Im Übrigen, somit in der Bekämpfung des angefochtenen Bescheides auch in seinem Ausspruch über die Bestätigung des erstinstanzlichen Schuldspruches nach § 49 Abs. 1 lit. a FinStrG, wird die Beschwerde als unbegründet abgewiesen.
Der Bund hat dem Beschwerdeführer Aufwendungen in der Höhe von S 15.000,-- binnen zwei Wochen bei sonstiger Exekution zu ersetzen; das Kostenmehrbegehren wird abgewiesen.
Begründung
Dem Körperschaftsteuerakt der A. Gesellschaft m.b.H kann entnommen werden, dass in dem am 16. November 1995 dieser Gesellschaft gegenüber erlassenen Umsatzsteuerbescheid für das Jahr 1994 die Bemessungsgrundlage mangels Abgabe der Steuererklärung im Schätzungswege ermittelt worden war.
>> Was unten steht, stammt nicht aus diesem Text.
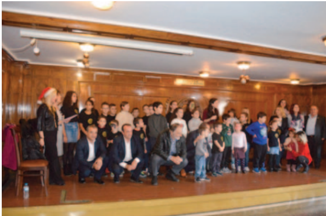
15 Δεκεμβρίου 2019. Παιδική γιορτή για τα Ηπειρωτόπουλα

Το μεγάλο αυτό θέμα που αγγίζει την ίδια την ύπαρξη της οργανωμένης Ηπει-

Einer am 19. Dezember 1995 unter Anschluss der Umsatzsteuererklärung für das Jahr 1994 von der Gesellschaft erhobenen Berufung wurde mit Berufungsvorentscheidung vom 16. Jänner 1996 stattgegeben.
Mit Straferkenntnis des Spruchsenates vom 11. Dezember 1996 wurde der Beschwerdeführer schuldig erkannt, im Bereiche des Finanzamtes für Körperschaften in Wien als für die steuerlichen Belange verantwortlicher Prokurist der A. Gesellschaft m.b.H vorsätzlich
1.) unter Verletzung der Verpflichtung zur Abgabe von dem § 21 Umsatzsteuergesetz 1972 entsprechenden Voranmeldungen eine Verkürzung von Umsatzsteuern bewirkt und dies nicht nur für möglich, sondern für gewiss gehalten zu haben, und zwar "für 1994" mit einem Verkürzungsbetrag von S 880.875,--,
2.) Abgaben, die selbst zu berechnen sind, nämlich Lohnabgaben, nicht spätestens am fünften Tag nach Fälligkeit entrichtet bzw. die Höhe der geschuldeten Beträge bekannt gegeben zu haben und zwar Lohnsteuer im Ausmaß von S 71.018,-- sowie "DBDZ" im Ausmaß von S 51.440,-- für die Monate April bis Juli 1994.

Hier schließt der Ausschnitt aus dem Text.